Forty-nine corporations that produce sugary drinks and fifty-two corporations that produce inputs for sugary drinks manufacturing contributed to electoral campaigns of candidates to the Chamber of Deputies in the 2014 Election. Among corporations that produce sugary drinks, 46·9 % only produce non-dairy drinks (n 23), 42·9 % produce only dairy drinks (n 21) and 10·2 % produce both types of drinks (n 5). With respect to the subtypes of sugary drinks, ready-to-drink dairy drinks are produced by 38·8 % of the corporations (n 19); fruit or fruit-flavoured drinks, by 24·5 % (n 12); sodas, by 22·4 % (n 11); energy drinks, by 20·4 % (n 10); fruit-flavoured powdered drinks and powdered dairy drinks, by 14·3 % (n 7); ready-to-drink teas and sports drinks, by 6·1 % (n 3); and fruit or fruit-flavoured concentrates, by 4·1 % (n 2). As for corporations that produce inputs for sugary drinks manufacturing, 96·2 % only produce sugars (n 50), and 3·8 % produce fruit concentrates (n 2) (data not shown).

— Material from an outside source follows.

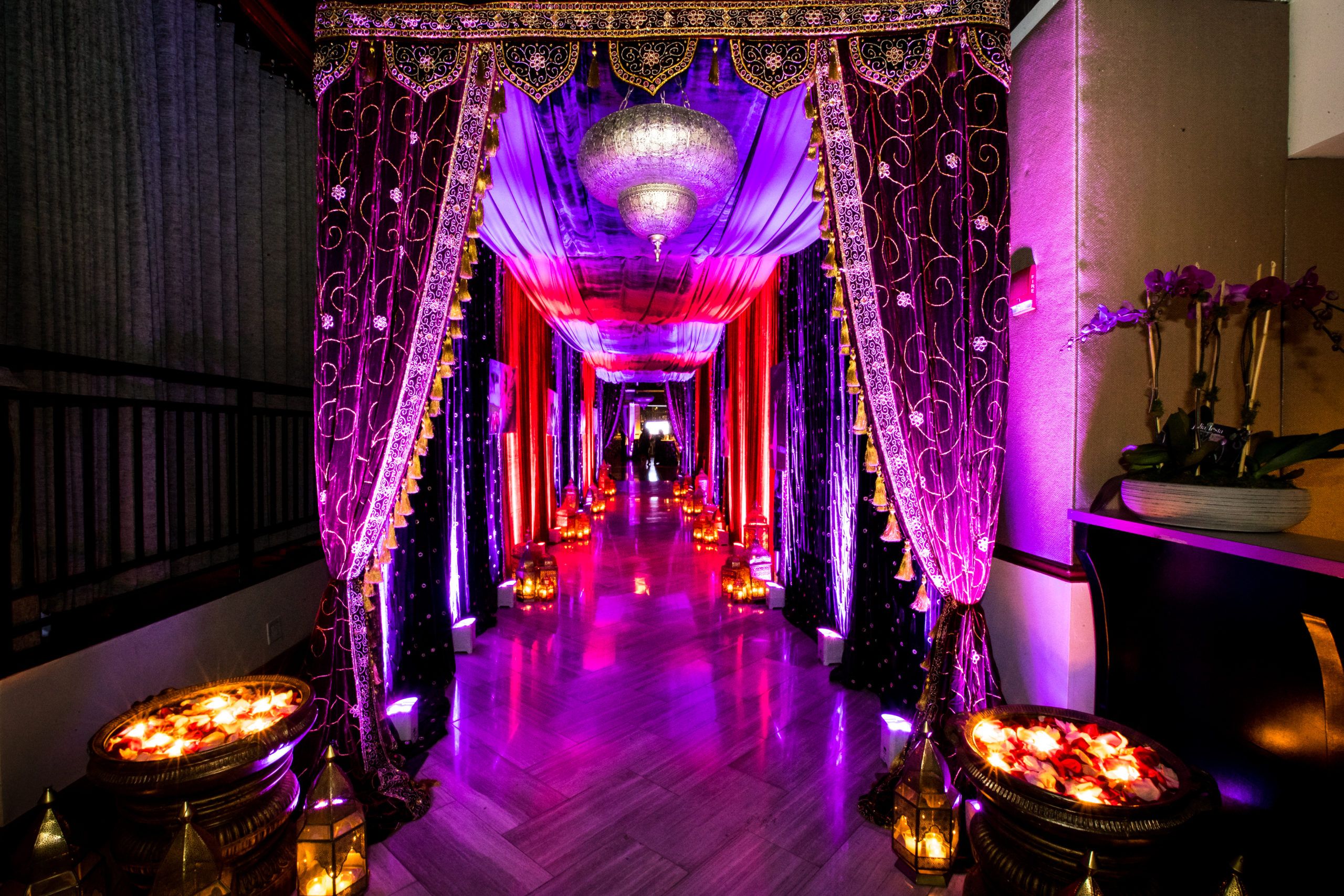 See how Wish Upon a Wedding’s “Written in the Stars” gala created a celestial ambiance with dramatic blue and purple lighting as well as glittering table linen.

Contributions from sugary drink industries and sugary drink inputs industries totalled US$ 25,131,856·92 (7·3 % of all corporate contributions) and helped finance the electoral campaigns of 11·7 % of the candidates (585 out of 4985 candidates). The distribution of the financial resources is shown in Table 1. Among sugary drink industries, contributions from non-dairy drinks industries were the most prevalent (59·9 % of the candidates), while among sugary drink inputs industries, the most prevalent contributions were those from corporations which produced sugars (85·6 % of the candidates). With the exception of contributions from corporations related to sugar production, indirect contributions to the candidates were the most prevalent.

Table 1 Absolute (US$) and relative (%) electoral campaign contributions from corporations that produce sugary drinks and their inputs, as reported by the candidates to the 55th Congress of the Chamber of Deputies. Brazil, 2014

Note: Some candidates have been financed by more than one corporation related to the industry sectors hereby analysed.

Therefore, the sum of candidates in total values does not necessarily represent the sum of the subgroups.

The top five biggest donors among sugary drink industries were as follows: (1) Ambev (US$ 6 010 392·98); (2) Coca-Cola (US$ 4 583 871·93); (3) Cervejaria Petrópolis (US$ 3 007 856·14); (4) Vigor Alimentos (US$ 877 175·43); and (5) Brasil Kirin (US$ 548 042·10). Among sugary drink inputs industries, the top five donors were as follows: (1) Atvos (US$ 1 725 913·04); (2) Coopersucar (US$ 1 534 950·00); (3) Tereos (US$ 844 250·00); (4) Cutrale (US$ 839 064·69); and (5) Grupo São Martinho (US$ 403 923·46).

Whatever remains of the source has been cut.